Peter Guralnick spoke with NPR's Rachel Martin about music writing and research as a journey toward the discovery of his own voice. Hear the radio version at the audio link, and read on for an edited transcript.
This interview has been edited for length and clarity.
Rachel Martin: People like Eric Clapton or Keith Richards, they heard the blues and then picked up a guitar. You heard the blues and wanted to learn how to write about it.
Peter Guralnick: Well, kind of. There was no way to write about the blues when I first started listening — there was no outlet for it. And then, all of a sudden, this sort of underground press came along. Anybody who knew me was gonna know about my mania, and so a few people asked me if I wanted to write something. But what I wrote was never criticism — it was really advocacy. If James Brown was coming to town, I would just try to persuade people: "Go out and see this. This is the greatest thing you'll ever see in your life."
Did people accept your stuff at first? I mean, you weren't a musician yourself, right?
No, no, not a musician in any way. That was never part of my makeup. At the beginning, I really didn't meet the musicians for the most part. But I started writing profiles — I found that to be the best way I had of communicating my passion. And it allowed me to use my own language to describe what they were trying to do: in the language of the artist, to find themselves.
In your essay on Ray Charles, you focus on the song "I Got a Woman," which you learned was based on a song by the gospel group The Southern Tones called "It Must Be Jesus." Recount that story for us: He's in a car with his buddies, he hears this song and they start riffing?

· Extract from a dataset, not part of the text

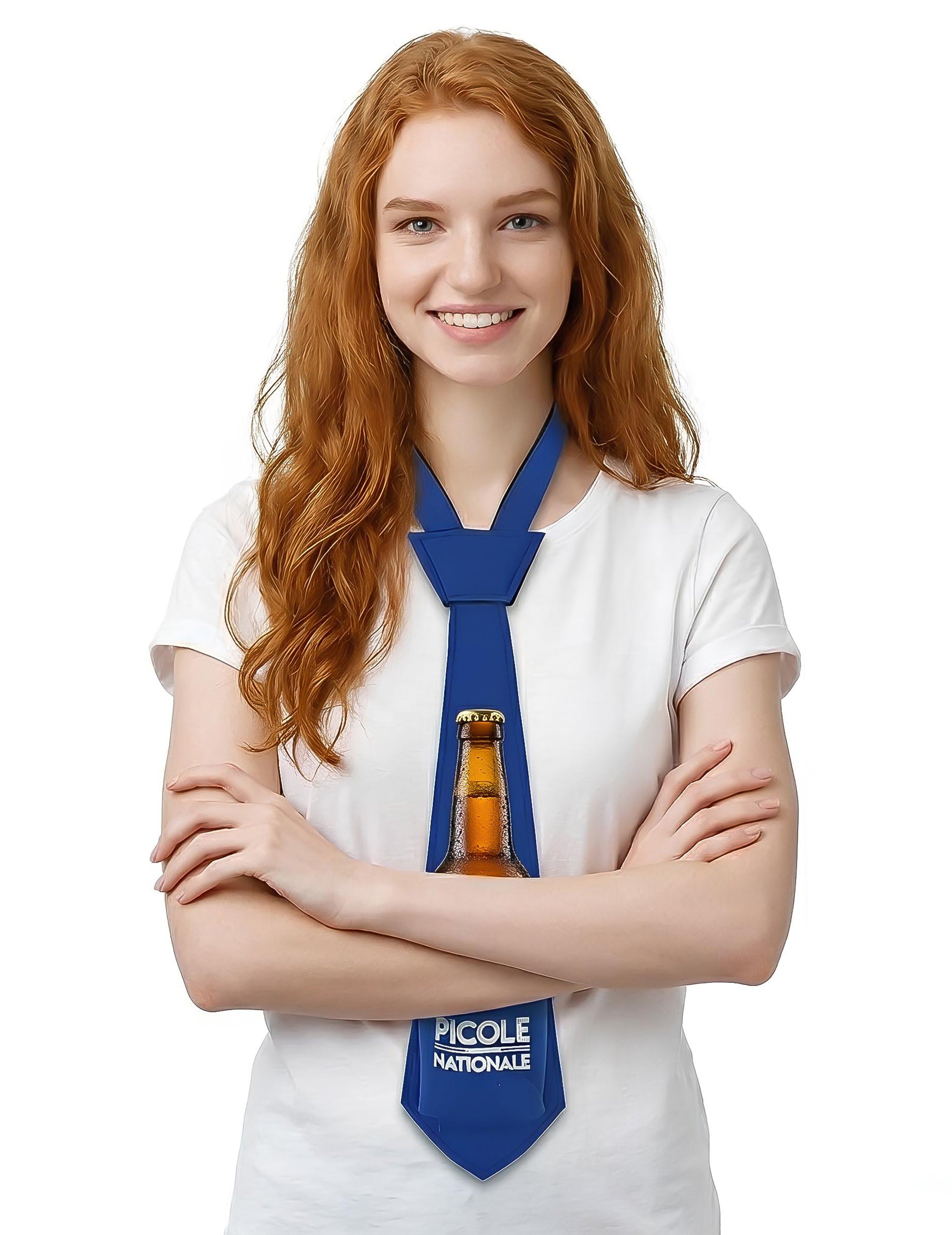 Ta kravata proti žeji Picole Nationale prinaša humorno noto s svojo preoblikovano klasično obliko in vgrajenim žepom, ki omogoča, da vanjo pospraviš pločevinko ali majhno stekleničko. Njena modra barva in izviren napis poudarjata praznično vzdušje, zato je popolna za popestritev aperitiva s prijatelji, piknika ali tematske zabave. Je lahka in enostavna za nošenje, zato postane idealen dodatek, da imaš pijačo vedno pri roki in hkrati izžarevaš dobro voljo.

Yeah, he's in the car with his musical director, Renald Richard. And Ray Charles was such a fan of gospel. Ray and Renald are driving along, listening to the car radio; the song comes on, and Ray starts singing secular lyrics to it. The two of them got such a kick out of it, and they kept going on it from there, sort of amusing themselves. But Ray immediately recognized this was something that he wanted to do. This was an adaptation, or a turn, he wanted to take.

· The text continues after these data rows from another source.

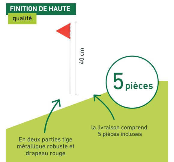 - PAQUET DE CINQ – Cinq fanions de balisage sont inclus dans la livraison
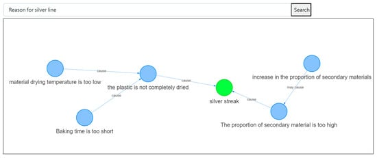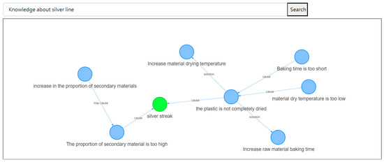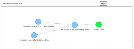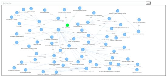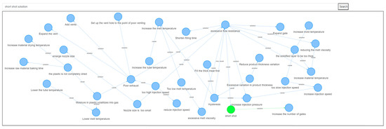 Figure 19 shows the search results for the question: “about short shot”, where the system returns all the knowledge related to “short shot” through a semantic classification. The search result contains a total of 65 entities. Figure 20 shows the search results for the user query: “short shot solution”, where the system returns the knowledge relevant to solving “short shot”. The search result contains 34 entities. By comparing these two search results, it can be seen that our developed system, which understands the user’s intent, can filter out unnecessary information and find more relevant knowledge from the related entities of the main subject, unlike the search mechanism proposed in our previous work [], which can only find all the related knowledge of the subject.
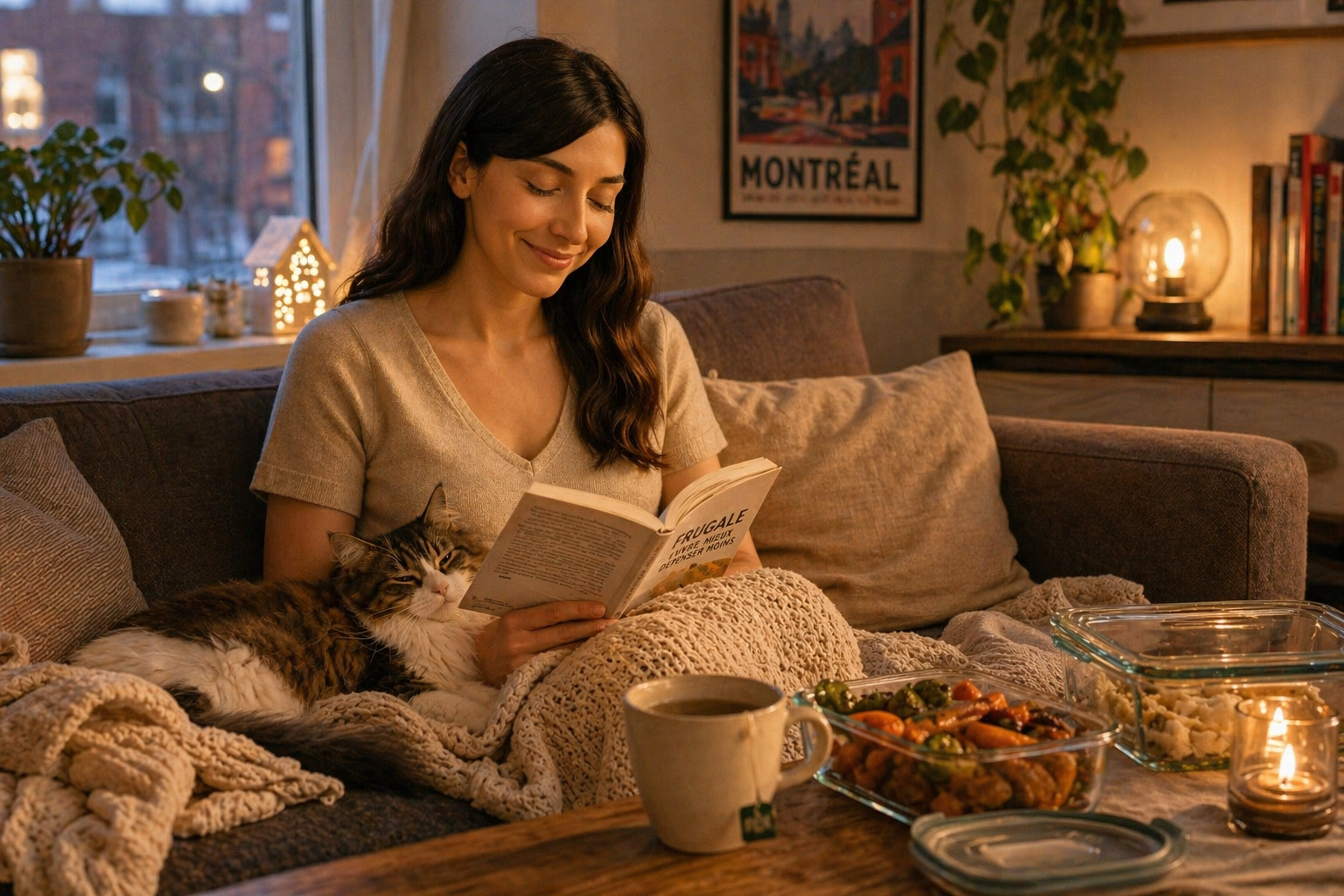 Je vais te dire où je me vois, moi, après tout ça. Je me vois revenue chez nous, sur le Plateau, la soirée un peu retombée, mon chat installé pas loin de moi comme s’il avait personnellement supervisé toute l’opération émotionnelle de décembre. Il est là, tranquille, avec cette face très assurée des chats qui ont l’air de penser que tout logement leur appartient légalement. Moi, je suis assise avec une couverture, un thé, quelques restants bien rangés, puis ce mélange très particulier de fatigue et de satisfaction qu’on ressent quand quelque chose s’est bien passé sans avoir eu besoin de virer ça en performance olympique.

That was what led me to write a story which I could fill in in such telling details about a moment that was so significant, a song that really was one of the great, most influential songs of the 20th century. It was the first R&B song that had been explicitly based on a gospel song.
Did Ray Charles ever tell you personally what that song meant for him?
It meant two things. It gave him his voice, once and for all, without any doubt. At the same time, by its success, it gave him what he absolutely needed: the ability to put together and hold together a band of his own that would enable him to express himself in the way that he wanted to. With the success of "I Got a Woman," he put together a band and he never looked back. He was able from then on to express himself in whatever manner he chose to, whether it was "Georgia on My Mind" or "What'd I Say."
If we look at your body of work as an exploration of creativity, what did you take away from all this?
Every single person I wrote about looked back upon the moment that they discovered their voice, in one way or another. It represents, for me, something very personal, in the sense that I was searching for my own voice. I knew I wanted to be a writer, but I discovered in my writing about these musicians a way to express myself in a way that I never quite imagined — to be able to write in this fashion about music and about people that I cared so much about.